Alegría rejected the allegations that in exchange for accession to ALBA, Honduras’s popular movement “has been bought out by Zelaya.”

“What we have are mutual agreements or understandings,” he said, after expressing his satisfaction over the “significant social changes that are taking place in Honduras.”

However, his position was recently shaken when the local newspaper El Heraldo published a journalistic investigation revealing receipts for a total of 284,000 dollars allegedly distributed by the government to 38 social and political leaders in exchange for support for ALBA and protests raised in Congress prior to its ratification.

The newspaper published a list of people who purportedly received the payments, including Vía Campesina activists, leaders of the Confederation of Honduran Workers (CTH) and other trade unions, members of the leftwing Democratic Union party, and rural leaders.

Most of the trade unions have refused to comment on the accusations.

But Wendy Cruz of Vía Campesina, whose name and signature appears on some of the receipts featured in the newspaper, emphatically denies that her group received 9,000 dollars from the government (part of the sum mentioned) in exchange for support for ALBA.

“We used our own funds to mobilise,” she told IPS, adding that her group “supports ALBA because it is good for the poor.”

For his part, Hilario Espinoza, of the CTH labour confederation, remarked to IPS that the money had been granted “as aid.”

“I’ve just assumed my post (in the union) and I’ve been told that there was a certain amount of money provided as aid, and I collected it not for myself but on behalf of the organisation.
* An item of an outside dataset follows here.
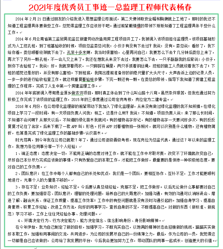 2021年度優(yōu)秀總監(jiān)理工程師代表先進(jìn)事跡——楊春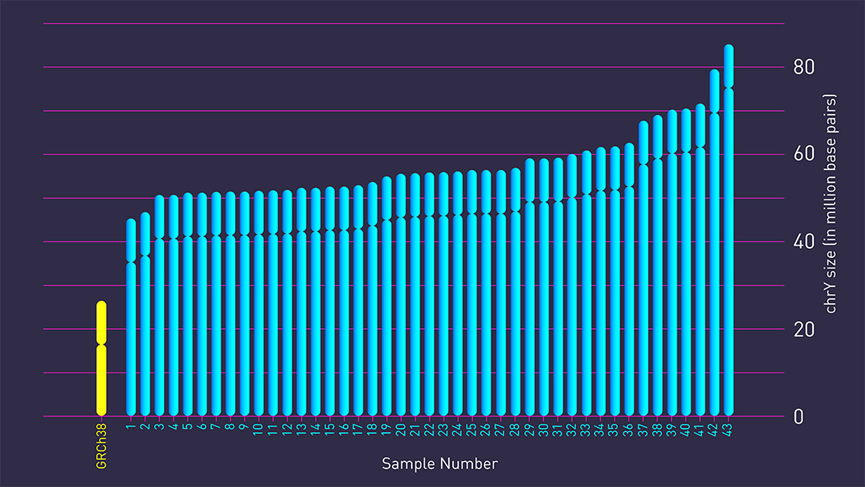 这张图显示了来自不同个体的Y染色体大小的巨大差异。来源:JANE CHA; JAX CREATIVE

I’m not worried about an investigation, because we have evidence that clears us” of any wrongdoing, he said.

But Espinoza was upset by the newspaper’s claim that his union had received 10,000 dollars, saying it was only granted 6,000 dollars.
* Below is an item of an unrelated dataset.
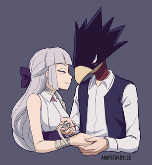 Look at them!!! She is like so flustered so she tries to change the subject thinking Tokoyami would think she is werid so she is like blabbing and he is blushing like "just please take the apple Cosette pleeeaaaase."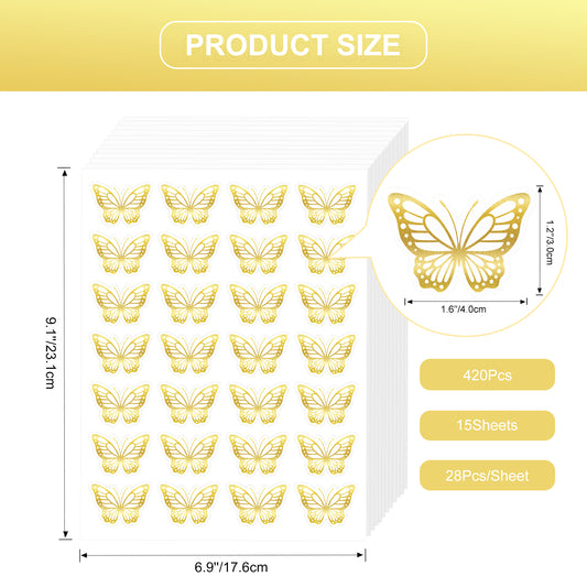 Anwyll Butterfly Stickers,Gold Foil Envelope Seals Stickers,420Pcs Butterfly Preference Stickers,Self-Adhesive Spring Butterfly Labels Stickers for Invitation Card Gift Wrap Wedding Party Baby Shower

The Attorney General’s Office and the Supreme Audit Court announced on Tuesday Oct. 21 that they had initiated an investigation on their own motion, and planned to summon presidential chief of staff Enrique Flores Lanza, whose budget provided the funds.
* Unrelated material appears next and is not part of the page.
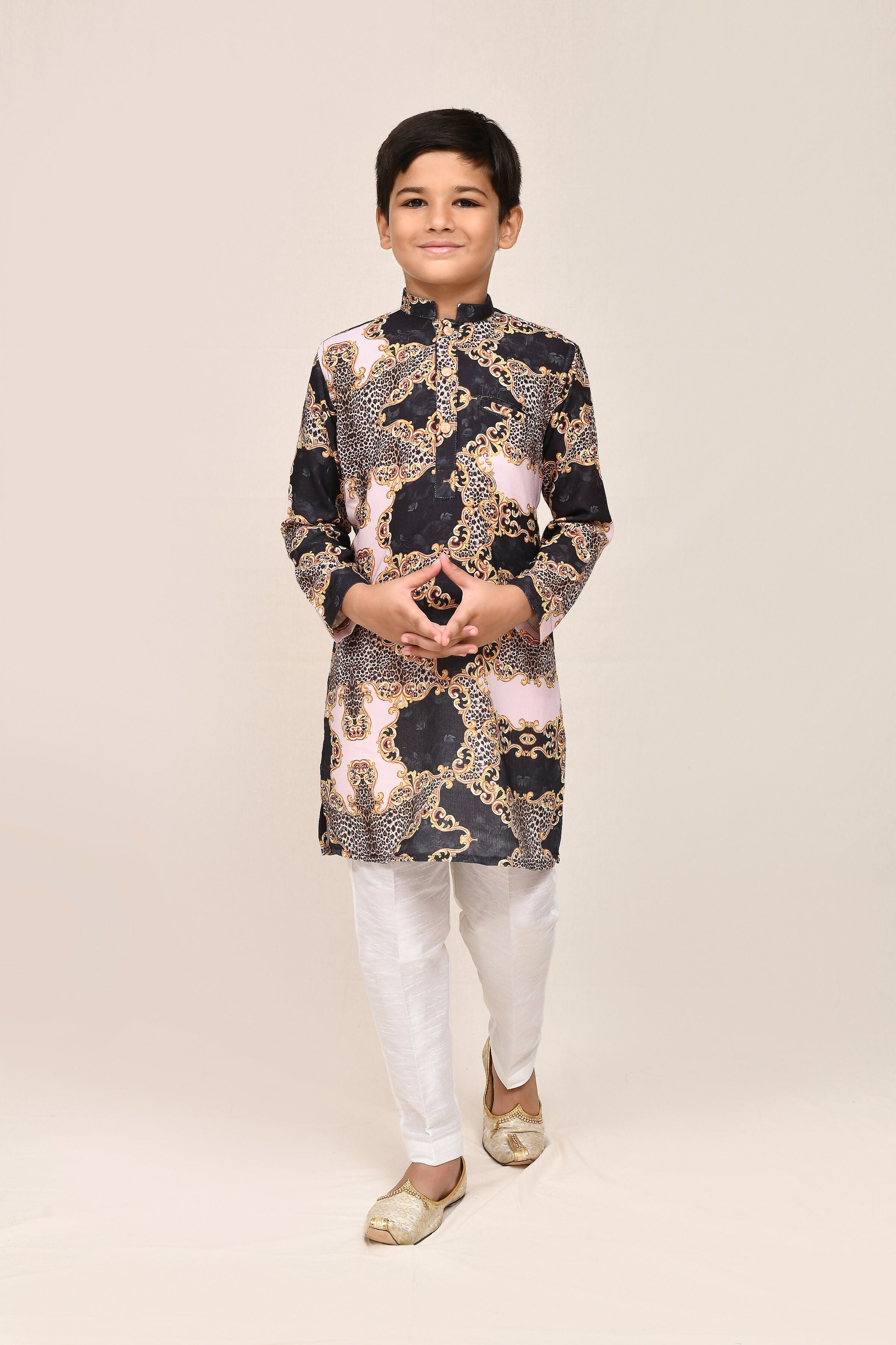 Joban Fashion Cotton Silk Black Kurta With Straight Fit Pant

Flores Lanza told IPS that “if they summon me I will appear; we contributed those resources in response to a request from social groups and for a good cause that will bring huge benefits for Honduras.”

Zelaya, in turn, allegedly tried to offer money to El Heraldo journalist Alex Flores to get him to stop investigating.

Flores told IPS that “when I asked (Zelaya) to comment on our investigation, he looked at me and said: ‘I’ll give you 500 lempiras (19 dollars) for you to stop talking.’ Then he called his guards and said to them, ‘pay this guy,’ and took out a 100-lempira bill (five dollars), at which point I told him to show me some respect.”

For sociologist and university professor Pablo Carías, the country “is immersed in impunity and complicity. All this commotion over ALBA has only served to harden Honduras’s most conservative right, all because of the social movement’s erroneous belief that revolutions are paper constructs.”

“A project as interesting as ALBA is being distorted by the government itself, with these handouts and buying-off of convictions, which far from furthering social causes merely undermine us; and these payments we’ve seen only prove that what we’ve had are revolutionaries motivated by their stomachs, and not by principles, and that we need to form leaders who will counter the coming years of conservatism,” he added.

Transportation union leader Erasmo Guerrero told IPS that “this new scandal should call the social and popular movement to reflection. It’s not ethical but it happened. This is an old practice that has existed under many governments, and nobody has done anything to put a stop to such irregularities because there are a lot of interests involved.”

Zelaya, who in his 32 months in office has faced 744 social conflicts and protests over a range of issues, has opened a new front with the scandal involving ALBA, a project that most Hondurans supports and view favourably, despite the opposition of the country’s most influential business operators and the conservative sector.